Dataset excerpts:

========

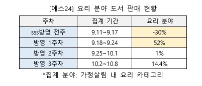 또 최강록 셰프와 ‘트리플스타’ 강승원 셰프가 외부 인터뷰에서 요리 시작의 계기가 된 만화로 밝힌 <미스터 초밥왕>도 9월에 전월 대비 84.3% 판매가 상승했다. 이외에도 요리 만화를 찾는 독자들로 인해 요리 분야 만화책이 방영 첫 주에 판매량이 16% 증가하기도 했다.
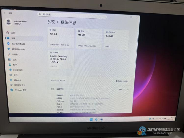 下午来了一台A1466的笔记本,客户刚升级了一个512G固态,没有系统,说给他安装一个双系统,报价300!
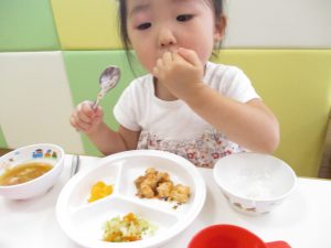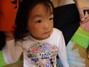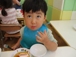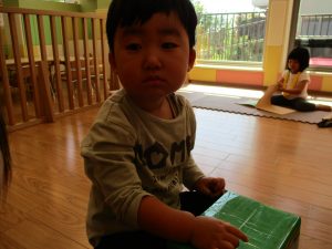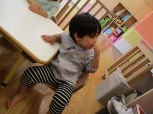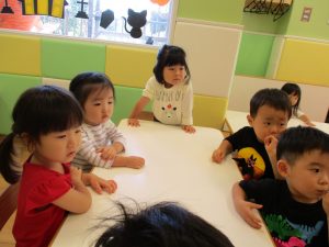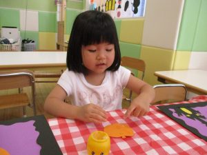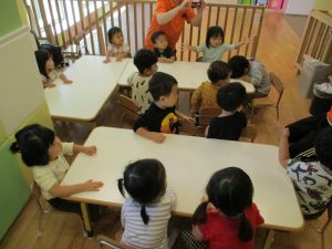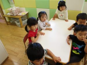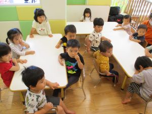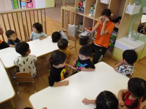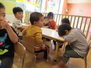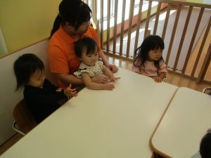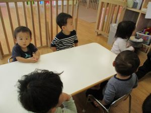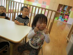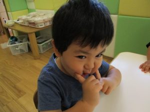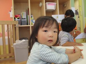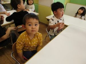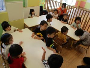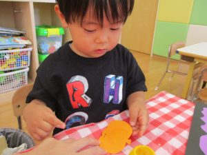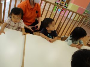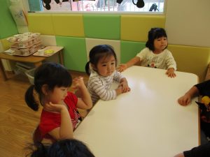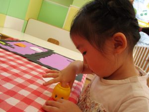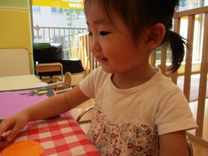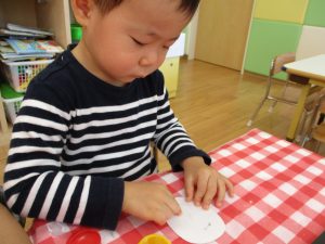 2歳児さんらしく糊を使った製作を行いましたが「ちょうど良い量」を指につけるのは案外難しいのですが上手に糊付けが出来ました♪
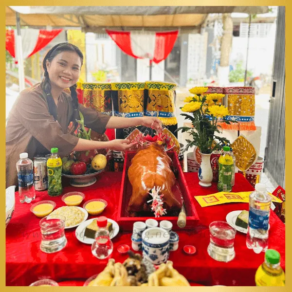 - Trang trí nơ đỏ/hoa (theo yêu cầu) cho mâm cúng đẹp.
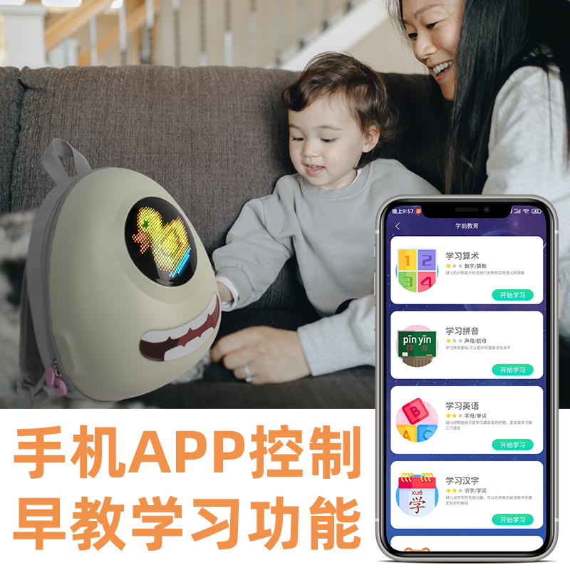 LOY children's backpack puzzle graffiti learning LED backpack cartoon cute 3-year-old kindergarten schoolbag boys and girls
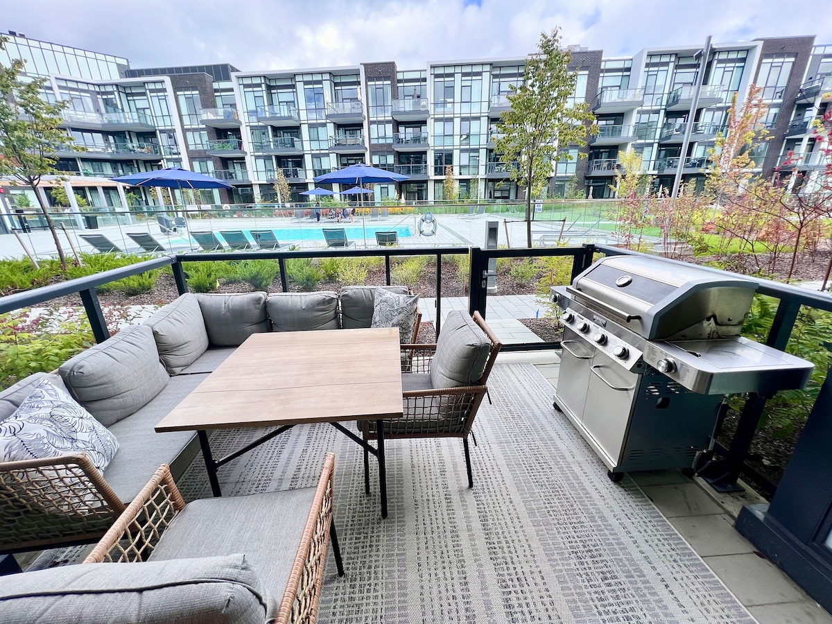 Nikmati daftar masuk awal dan daftar keluar lewat tambahan di kondominium 2+1 yang luar biasa di tingkat bawah bangunan Aquarius yang diingini di resort Friday Harbour. Direka secara profesional untuk keselesaan dan gaya. Bangunan Aquarius menawarkan kolam renang luaran, BBQ dan ruang duduk. Friday Harbour adalah resort sepanjang musim, 1 jam ke utara Toronto, yang menawarkan tempat makan mewah, LCBO, Starbucks dan kedai runcit dalam jarak berjalan kaki. Nikmati aktiviti & acara bermusim sepanjang tahun, sukan air, muzik secara langsung & banyak lagi!
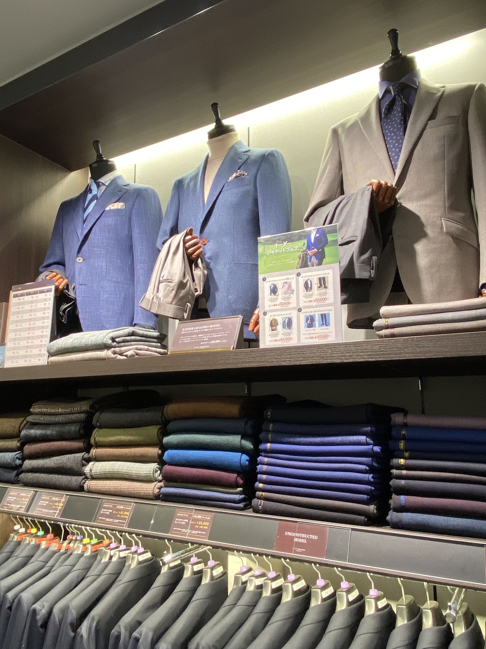店頭にはジャケット専用の生地コーナーがございます!
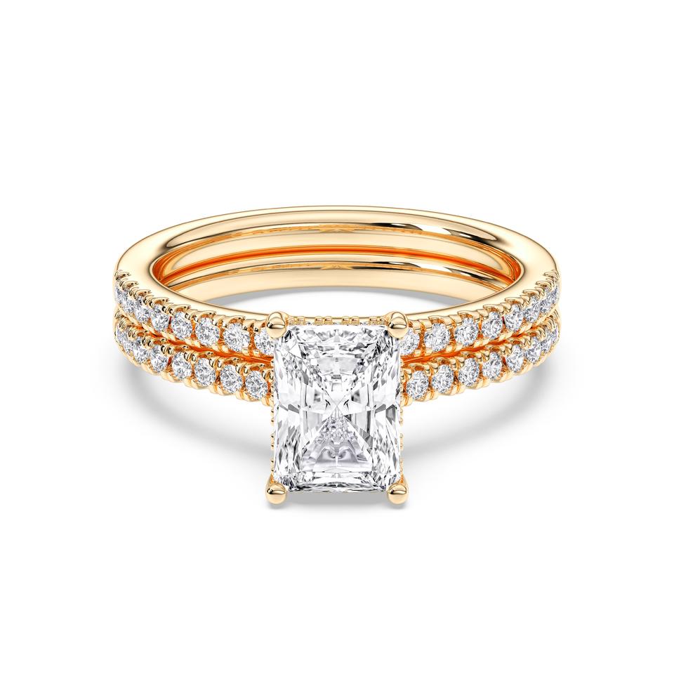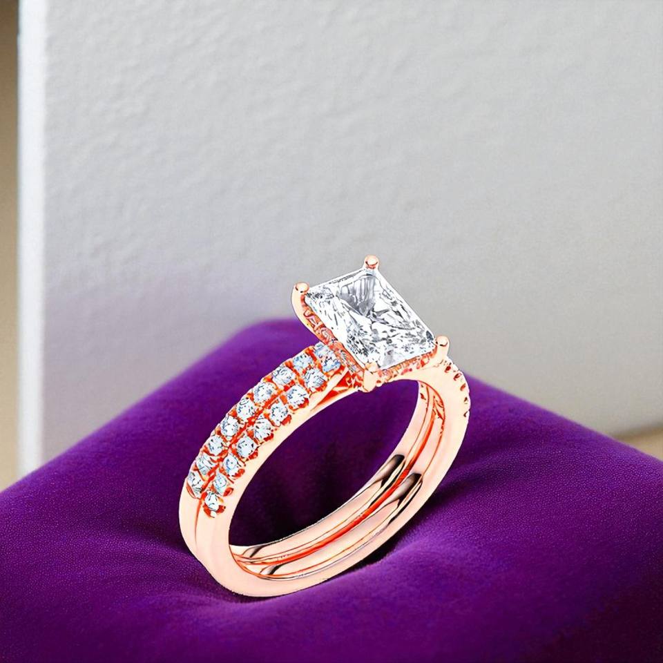 แหวนหมั้นเพชรมอยส์ซาไนต์ทรงกลม2.55พร้อมศูนย์ทองคำ2.00กะรัตพร้อมสายรัดที่เข้ากัน
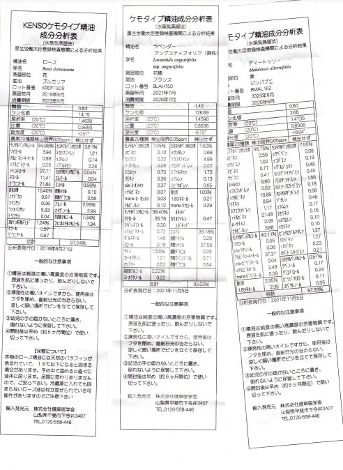 プラナロム精油は、プラナロム社の正規日本輸入代理店が厚生労働大臣登録検査機関による国内再分析の結果を、生産ロット毎に自主的に全ての精油に添付し、開示しています。
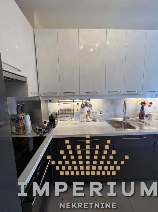Stan se sastoji od ulaznog dijela, dnevnog boravka, kuhinje s blagavaonom, dvije spavaće sobe, kupaonice i loggie.
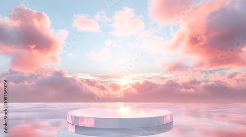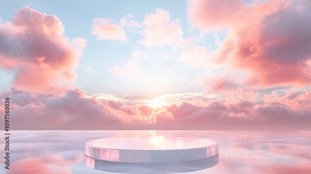 Wall mural front view of transparent podium decorated with pinky cloudy sky background abstract content. - Wall murals Wall mural front view of transparent podium decorated with pinky cloudy sky background abstract content. - Wall murals
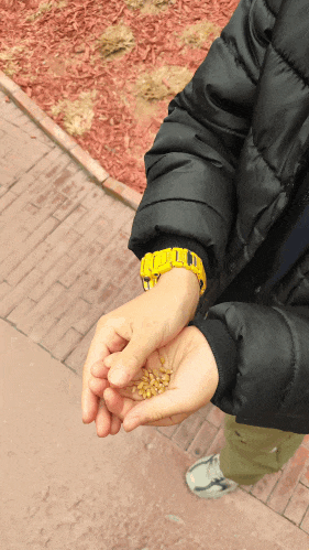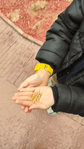 咚咚张嘴作势要吃😁,这个还得磨成面,蒸成馒头才能吃~
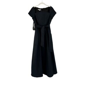 Kay Unger Francesca Asymmetrical Tea Length Dress Admiral Blue Black Size 8 NWT
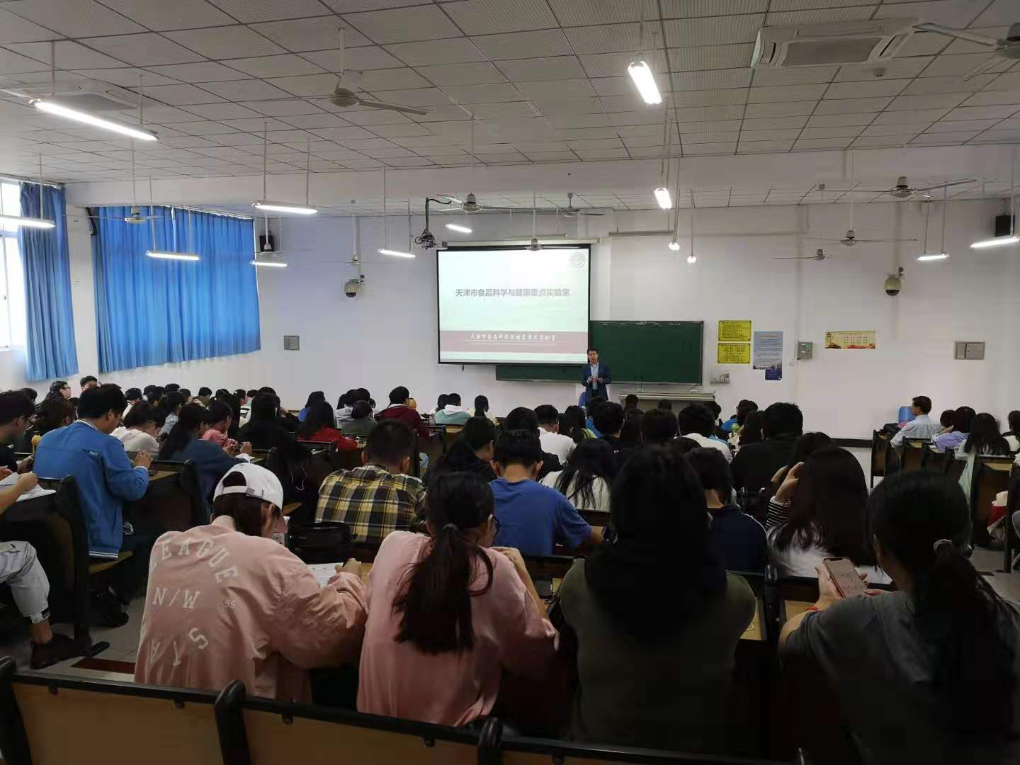 王硕教授围绕功能纳米材料在食品安全检测中的应用,重点讲授了:1)基于功能框架材料的高效富集检测技术;2)基于功能纳米材料的免疫快速检测技术;3)基于发光纳米材料的光学传感技术;4)基于贵金属纳米材料的表面增强拉曼检测技术;5)基于上转换纳米材料的电化学传感技术;6)基于自组装仿生纳米材料的压电传感技术。不仅如此,王老师还结合纳米材料在食品检测中的研究现状,预测了未来该领域3-5年的发展前景。王硕教授的讲课内容十分丰富,由浅入深,层层递进,图文并茂,新颖有趣,在讲授的过程中启发学生思考,调动学生的批判性思维,课堂氛围活跃,取得了良好的效果。报告结束时,同学们对王老师的精彩讲授报以热烈的掌声,授课取得圆满成功。
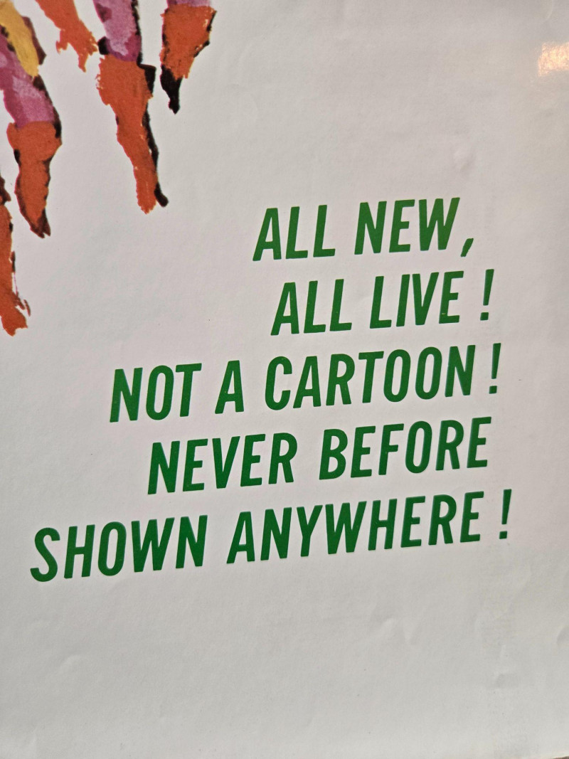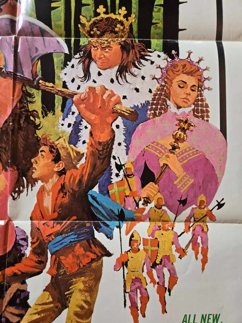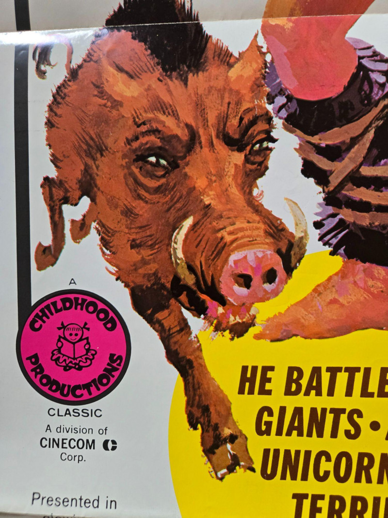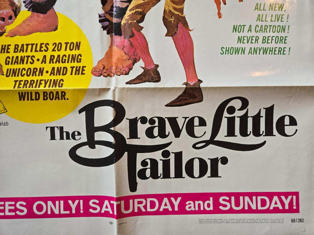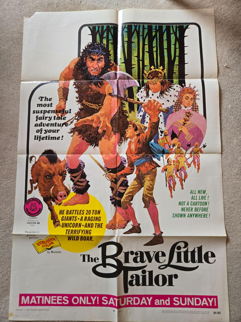 A bold, action‑packed vintage‑style poster for “The Brave Little Tailor,” presented as an all‑live fairy‑tale adventure. This decorative reprint captures the thrilling, larger‑than‑life energy of classic children’s matinee productions, filled with fantasy creatures, heroic challenges, and vibrant theatrical flair. The poster bursts with dramatic, colorful artwork: a towering giant swinging an axe, a fierce wild boar charging forward, a regal king and queen observing the chaos, and the brave young tailor at the center of it all. The dark forest backdrop and dynamic poses create a sense of danger and excitement, while bold promotional text promises an unforgettable adventure “never before shown anywhere.” The overall design evokes mid‑century children’s theater posters—whimsical, exaggerated, and irresistibly eye‑catching. Presented by Childhood Productions / Classic Cincom Co. “All New, All Live! Not a Cartoon!” Filmed in Stardom Color by Movielab Weekend matinee promotional artwork Visible creases, see photos Unframed“The Brave Little Tailor” Movie Poster
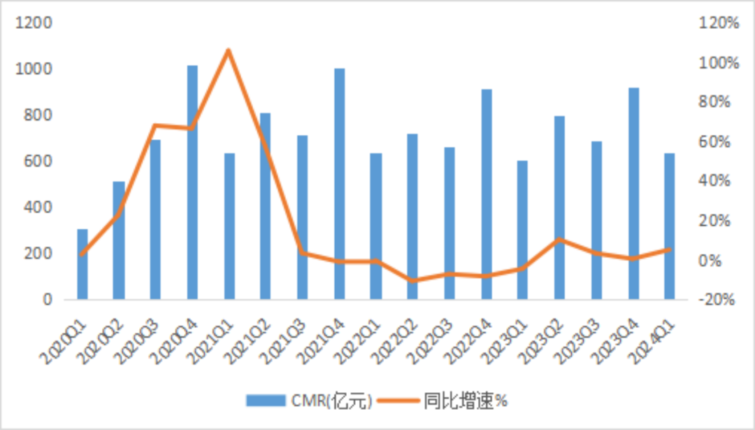 除了GMV和訂單量的高速擴(kuò)張外,本季度最核心的國(guó)內(nèi)零售客戶管理收入(CMR)在GMV高增長(zhǎng)的帶動(dòng)下也實(shí)現(xiàn)了5%的同比增長(zhǎng),相較上季度(0%)明顯提速,也超過了此前市場(chǎng)3%的預(yù)期,但仍與GMV增長(zhǎng)之間有一定差距,主要還是由于整體轉(zhuǎn)換率下降導(dǎo)致的。

========

Set down the records above exactly as written, beginning with the first line and ending with the line that contains "LOY children's backpack", and do not include pictures.

 또 최강록 셰프와 ‘트리플스타’ 강승원 셰프가 외부 인터뷰에서 요리 시작의 계기가 된 만화로 밝힌 <미스터 초밥왕>도 9월에 전월 대비 84.3% 판매가 상승했다. 이외에도 요리 만화를 찾는 독자들로 인해 요리 분야 만화책이 방영 첫 주에 판매량이 16% 증가하기도 했다.
 下午来了一台A1466的笔记本,客户刚升级了一个512G固态,没有系统,说给他安装一个双系统,报价300!
 2歳児さんらしく糊を使った製作を行いましたが「ちょうど良い量」を指につけるのは案外難しいのですが上手に糊付けが出来ました♪
 - Trang trí nơ đỏ/hoa (theo yêu cầu) cho mâm cúng đẹp.
 LOY children's backpack puzzle graffiti learning LED backpack cartoon cute 3-year-old kindergarten schoolbag boys and girls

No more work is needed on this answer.